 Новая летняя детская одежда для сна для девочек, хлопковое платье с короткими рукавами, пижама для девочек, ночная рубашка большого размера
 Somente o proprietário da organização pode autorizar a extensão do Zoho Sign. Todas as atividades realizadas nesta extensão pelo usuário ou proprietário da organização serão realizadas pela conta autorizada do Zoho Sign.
=-=-=
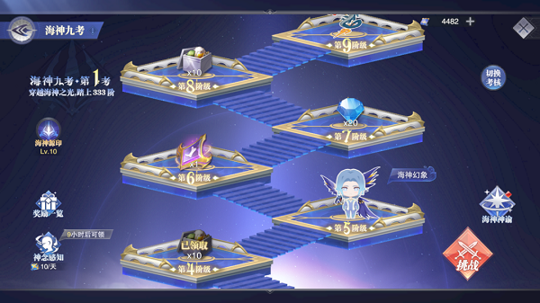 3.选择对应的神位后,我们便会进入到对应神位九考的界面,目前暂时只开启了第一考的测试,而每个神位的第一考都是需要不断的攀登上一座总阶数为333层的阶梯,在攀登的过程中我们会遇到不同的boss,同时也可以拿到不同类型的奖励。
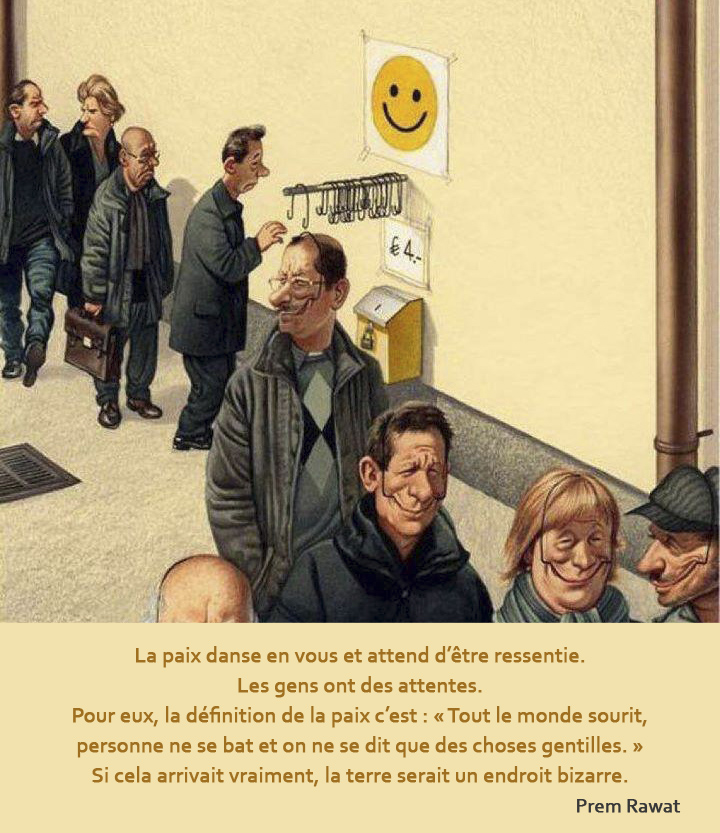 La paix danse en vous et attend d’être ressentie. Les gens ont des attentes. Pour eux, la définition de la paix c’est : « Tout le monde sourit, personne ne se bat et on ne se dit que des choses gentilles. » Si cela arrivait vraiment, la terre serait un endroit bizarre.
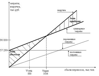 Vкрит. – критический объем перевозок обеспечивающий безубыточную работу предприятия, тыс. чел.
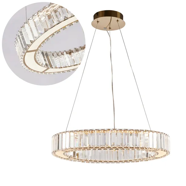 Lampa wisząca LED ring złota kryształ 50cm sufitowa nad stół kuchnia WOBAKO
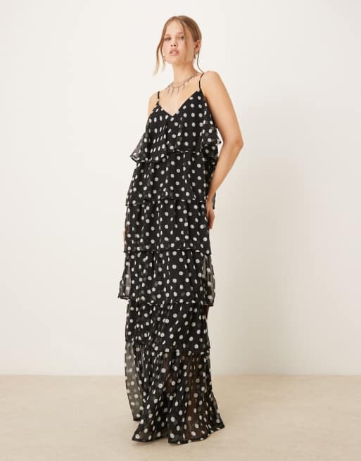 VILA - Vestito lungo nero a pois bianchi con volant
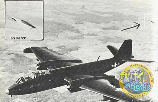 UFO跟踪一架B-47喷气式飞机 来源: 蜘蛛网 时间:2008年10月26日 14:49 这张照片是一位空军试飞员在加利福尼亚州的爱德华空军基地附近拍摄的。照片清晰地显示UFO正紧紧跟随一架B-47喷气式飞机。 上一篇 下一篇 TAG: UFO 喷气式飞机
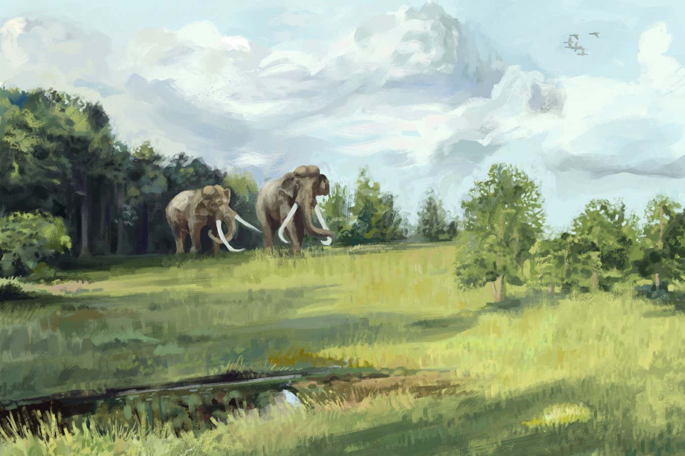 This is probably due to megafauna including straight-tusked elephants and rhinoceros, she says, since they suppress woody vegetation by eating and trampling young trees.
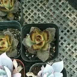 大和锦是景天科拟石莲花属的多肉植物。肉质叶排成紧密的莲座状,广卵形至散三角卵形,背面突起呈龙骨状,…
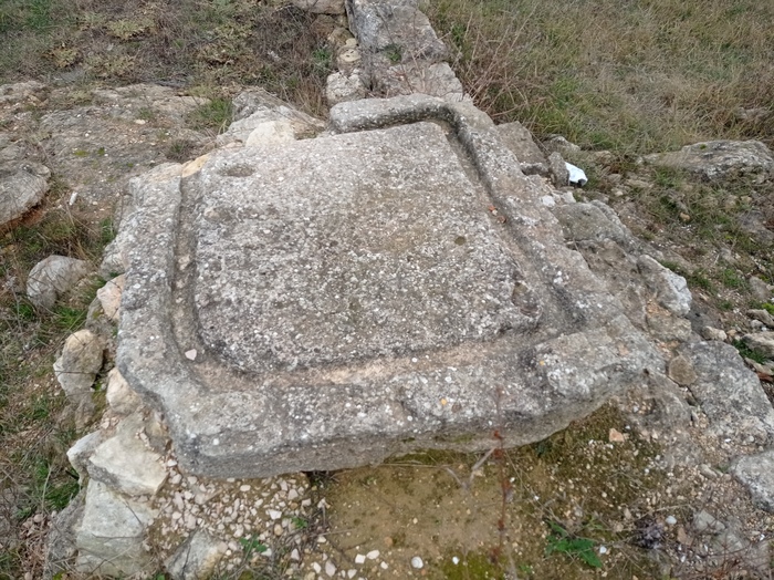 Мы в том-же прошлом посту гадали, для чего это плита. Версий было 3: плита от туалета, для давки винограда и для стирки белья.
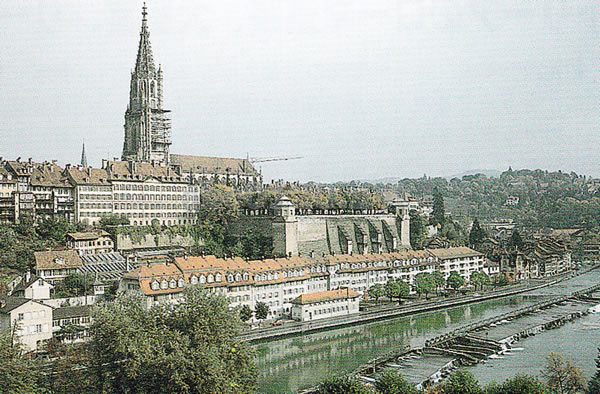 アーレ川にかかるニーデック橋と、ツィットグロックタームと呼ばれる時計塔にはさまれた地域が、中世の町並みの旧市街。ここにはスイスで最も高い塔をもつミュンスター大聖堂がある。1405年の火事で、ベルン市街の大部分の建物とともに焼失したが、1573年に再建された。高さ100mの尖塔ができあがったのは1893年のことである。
=-=-=
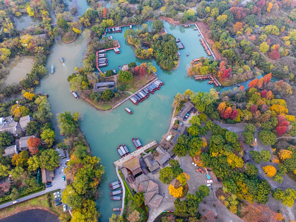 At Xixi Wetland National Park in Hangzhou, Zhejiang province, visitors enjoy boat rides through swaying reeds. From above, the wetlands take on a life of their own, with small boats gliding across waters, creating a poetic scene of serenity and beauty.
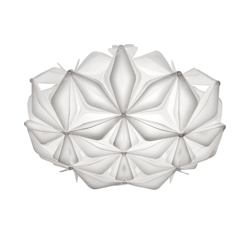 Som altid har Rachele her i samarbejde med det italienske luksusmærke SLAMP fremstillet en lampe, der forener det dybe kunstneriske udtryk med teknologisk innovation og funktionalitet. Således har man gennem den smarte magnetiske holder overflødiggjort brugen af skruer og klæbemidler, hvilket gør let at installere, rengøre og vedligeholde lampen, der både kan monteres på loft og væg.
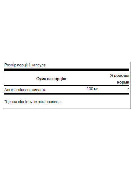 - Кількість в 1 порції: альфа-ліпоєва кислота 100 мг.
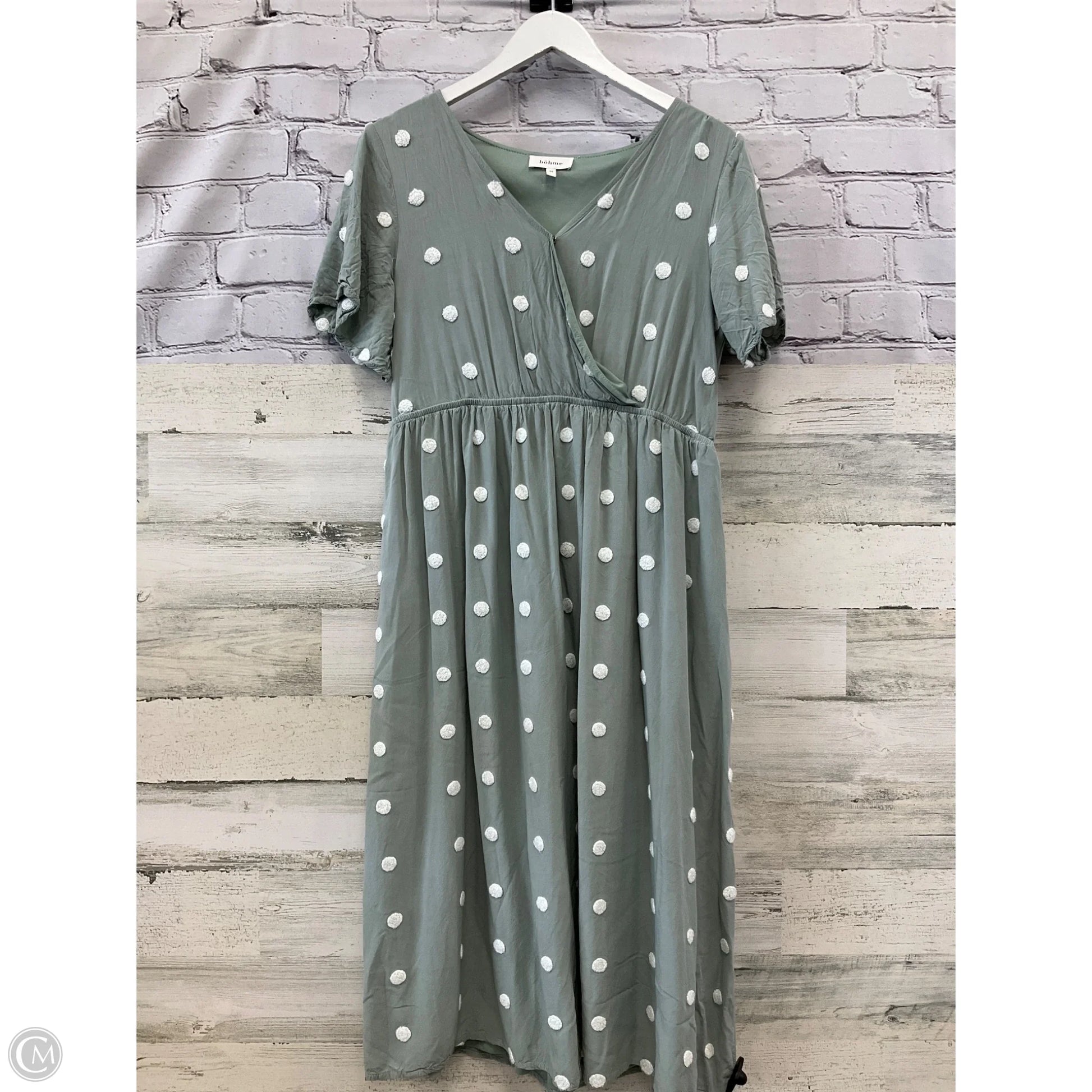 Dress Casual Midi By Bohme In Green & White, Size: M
=-=-=
(TASK INSTRUCTIONS): Pictures aside, return exactly the lines from the data above, starting at the line that has "VILA - Vestito" and ending at the line that has "アーレ川にかかるニーデック橋", both included.

(ANSWER BELOW):
 VILA - Vestito lungo nero a pois bianchi con volant
 UFO跟踪一架B-47喷气式飞机 来源: 蜘蛛网 时间:2008年10月26日 14:49 这张照片是一位空军试飞员在加利福尼亚州的爱德华空军基地附近拍摄的。照片清晰地显示UFO正紧紧跟随一架B-47喷气式飞机。 上一篇 下一篇 TAG: UFO 喷气式飞机
 This is probably due to megafauna including straight-tusked elephants and rhinoceros, she says, since they suppress woody vegetation by eating and trampling young trees.
 大和锦是景天科拟石莲花属的多肉植物。肉质叶排成紧密的莲座状,广卵形至散三角卵形,背面突起呈龙骨状,…
 Мы в том-же прошлом посту гадали, для чего это плита. Версий было 3: плита от туалета, для давки винограда и для стирки белья.
 アーレ川にかかるニーデック橋と、ツィットグロックタームと呼ばれる時計塔にはさまれた地域が、中世の町並みの旧市街。ここにはスイスで最も高い塔をもつミュンスター大聖堂がある。1405年の火事で、ベルン市街の大部分の建物とともに焼失したが、1573年に再建された。高さ100mの尖塔ができあがったのは1893年のことである。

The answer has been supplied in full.